Displaying masks from a mrcnn .uff file?

I have some mrcnn models trianed with the well known repo: GitHub - matterport/Mask_RCNN: Mask R-CNN for object detection and instance segmentation on Keras and TensorFlow
I have successfully converted a .h5 to a .uff file.

I have also successfully run the .uff model with the GitHub - NVIDIA-AI-IOT/deepstream_4.x_apps: deepstream 4.x samples to deploy TLT training models method but I have not been able to display the masks (only bboxes) nor acces to its data.

I think that’s because the custom parser function is not complete and does not parse the mask data.

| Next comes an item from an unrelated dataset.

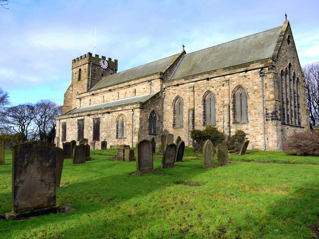 St Mary the Virgin, Parish Church of Easington The south aspect. The church tower is the earliest part of the building, dating from the mid C12. It is a prominent landmark from the sea and in pre-GPS days was an important navigation aid for progress along the Durham coast.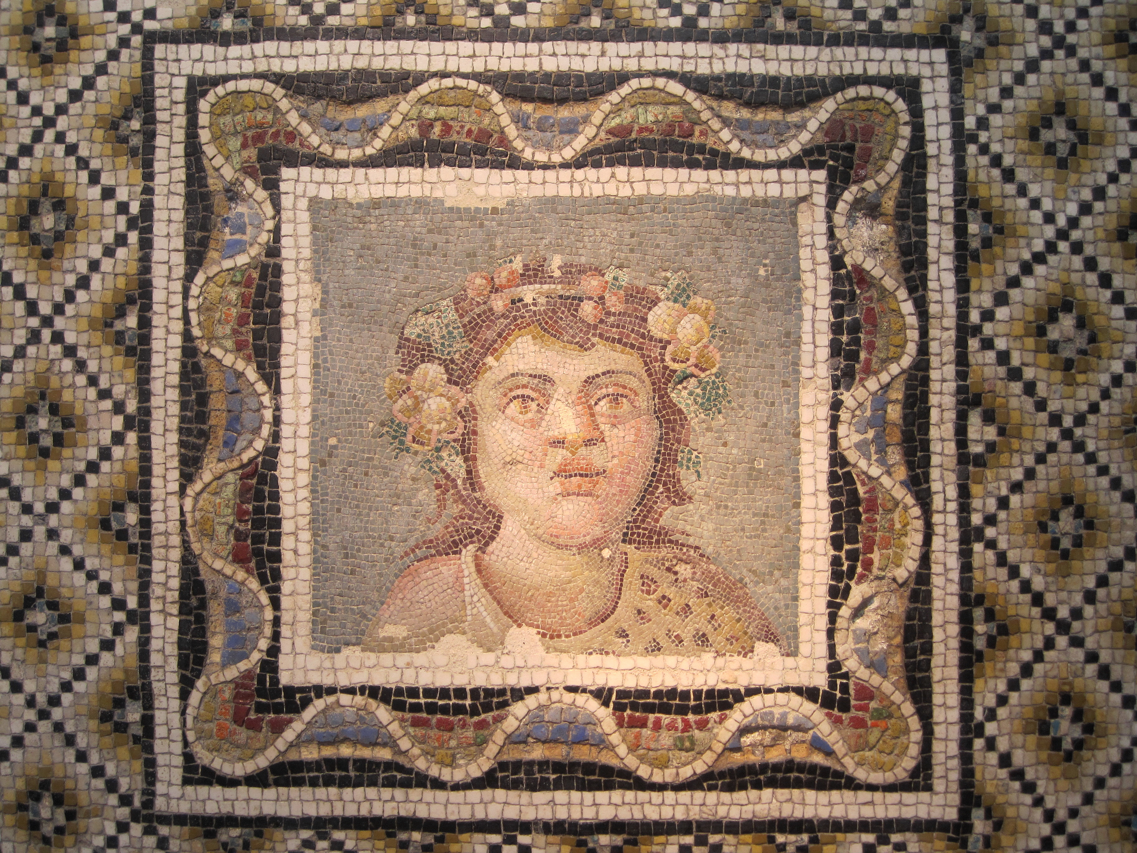 Pavement mosaic with the bust of Dionysus. Opus vermiculatum, Roman artwork of the 3rd century AD

I have seen that there are some related topics open:

My questions are:

  • How can I display the masks with the deepstream_4.x_apps method?

  • How can I count the amount of pixels of a mask with this same method?

  • If this is not possible, is there a way to display the masks + count the pixels from a matterport’s mrcnn model using deepstream?

Please refer to Get mask data from `nvdsinfer_custombboxparser_mrcnn_uff` mrcnn parser plugin

You can config uff model as in previous versions. Gst-nvinfer — DeepStream 6.1.1 Release documentation (nvidia.com)

Please don’t forget to set “output-instance-mask=1” in your nvinfer config file. And the postprocessing must match your own model, please refer to NvDsInferParseCustomMrcnnTLTV2() in deepstream_tao_apps/nvdsinfer_custombboxparser_tao.cpp at master · NVIDIA-AI-IOT/deepstream_tao_apps (github.com).

Please ask your own question in your own topic.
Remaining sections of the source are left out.